You can determine whether a model supports reasoning or not by checking the Supported Features sections of its catalog page in the UI.
You can find reasoning information in the a reasoning_content
field of responses. This field is not present in the outputs of other models.
import openai
client = openai.OpenAI(
base_url='https://api.inference.wandb.ai/v1',
api_key="<your-api-key>", # Available from https://wandb.ai/authorize
)
response = client.chat.completions.create(
model="openai/gpt-oss-20b",
messages=[
{"role": "user", "content": "3.11 and 3.8, which is greater?"}
],
)
print(response.choices[0].message.reasoning_content)
print("--------------------------------")
print(response.choices[0].message.content)
curl https://api.inference.wandb.ai/v1/chat/completions \
-H "Content-Type: application/json" \
-H "Authorization: Bearer <your-api-key>" \
-d '{
"model": "openai/gpt-oss-20b",
"messages": [
{ "role": "user", "content": "3.11 and 3.8, which is greater?" }
],
}'
3 - Enable JSON mode
Enabling JSON mode instructs the model to return the response in a valid JSON format. However, the reponse’s schema may not be consistent or adhere to a particular structure. For consistent structured JSON responses, we recommend using structured output when possible.

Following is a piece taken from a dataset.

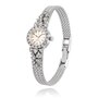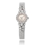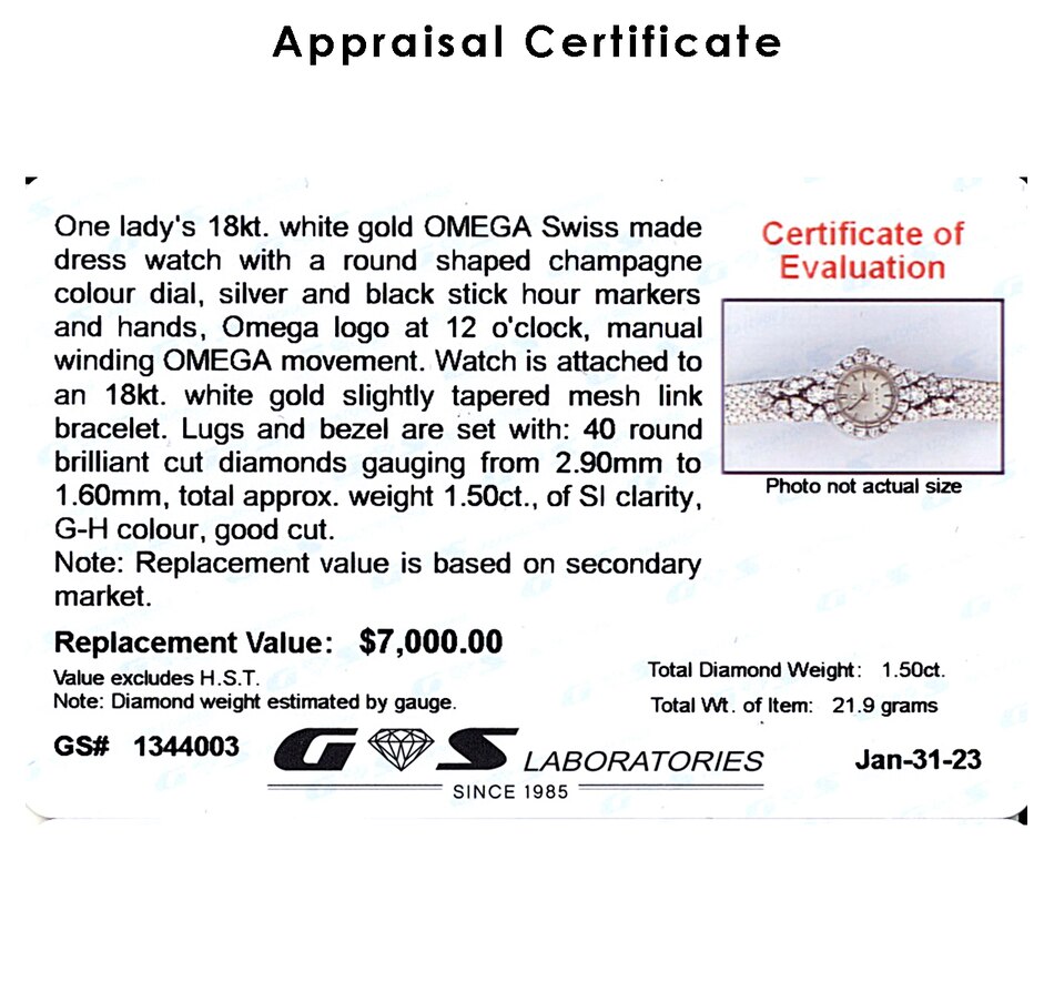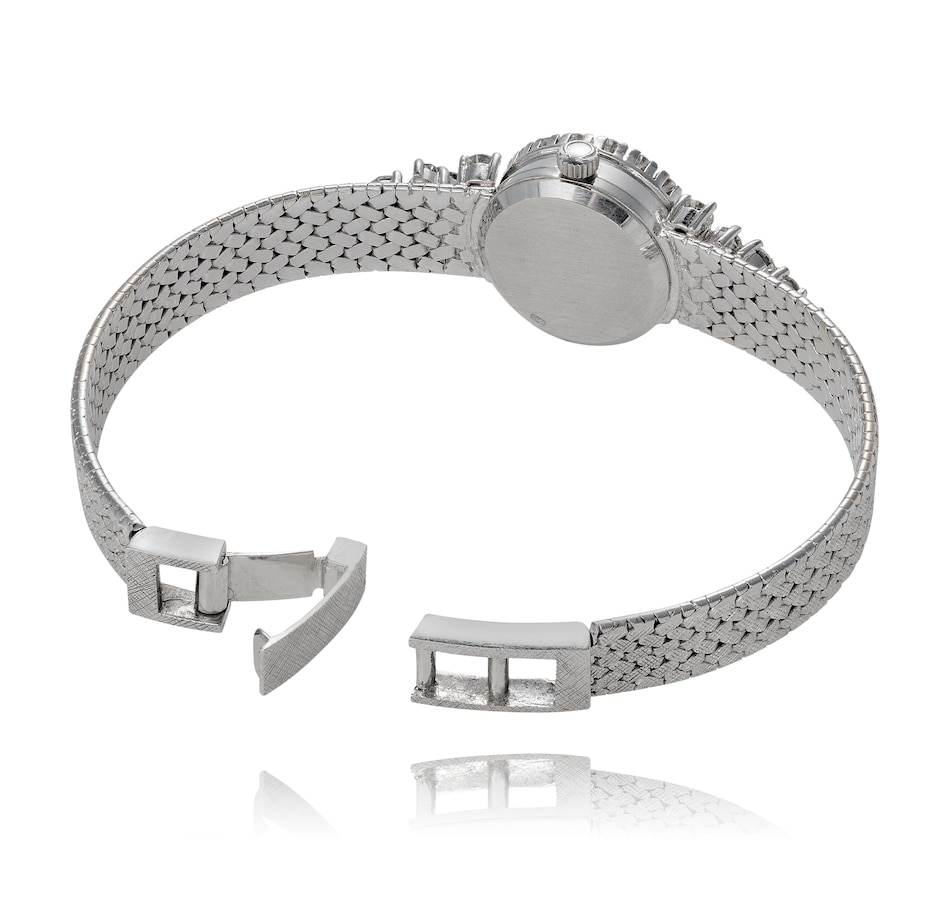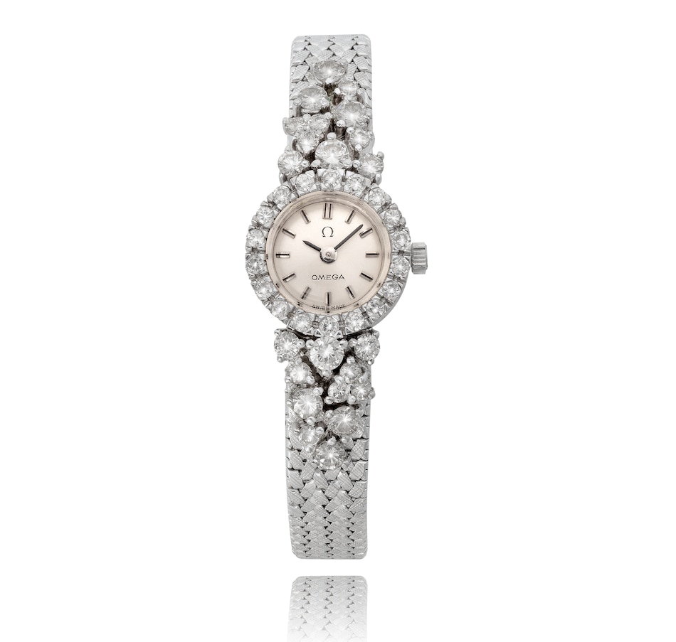 Dainty, delicate and luxurious are words to describe this fabulous Omega Swiss-made ladies dress watch. It boasts a small, round-shaped, champagne-coloured dial, silver and black coloured stick hour markers and hands. The Omega logo is at the 12 o'clock and it runs on a manual winding movement. The bezel of the watch is completely encircled by 18 round brilliant-cut diamonds that shimmer brilliantly. There are twenty-two additional diamonds of varying sizes spilling onto the lugs and band, eleven per side, and all combining for a luxurious 1.50 carat diamond weight to the piece. The watch is finished with an 18K white gold slightly tapered mesh link bracelet. A subtle and charming dash of opulence that will pay off time and time again.

To enable JSON mode, specify it as the “response_format” in the request:
import json
import openai
client = openai.OpenAI(
base_url='https://api.inference.wandb.ai/v1',
api_key="<your-api-key>", # Available from https://wandb.ai/authorize
)
response = client.chat.completions.create(
model="openai/gpt-oss-20b",
messages=[
{"role": "system", "content": "You are a helpful assistant that outputs JSON."},
{"role": "user", "content": "Give me a list of three fruits with their colors."},
],
response_format={"type": "json_object"} # This enables JSON mode
)
content = response.choices[0].message.content
parsed = json.loads(content)
print(parsed)
curl https://api.inference.wandb.ai/v1/chat/completions \
-H "Content-Type: application/json" \
-H "Authorization: Bearer <your-api-key>" \
-d '{
"model": "openai/gpt-oss-20b",
"messages": [
{"role": "system", "content": "You are a helpful assistant that outputs JSON."},
{"role": "user", "content": "Give me a list of three fruits with their colors."},
],
"response_format": {"type": "json_object"}
}'
4 - Enable structured output
Structured Output is similar to JSON mode but provides the added benefit of ensuring that the model’s response adheres to the schema you specify. We recommend using structured output instead of JSON mode when possible.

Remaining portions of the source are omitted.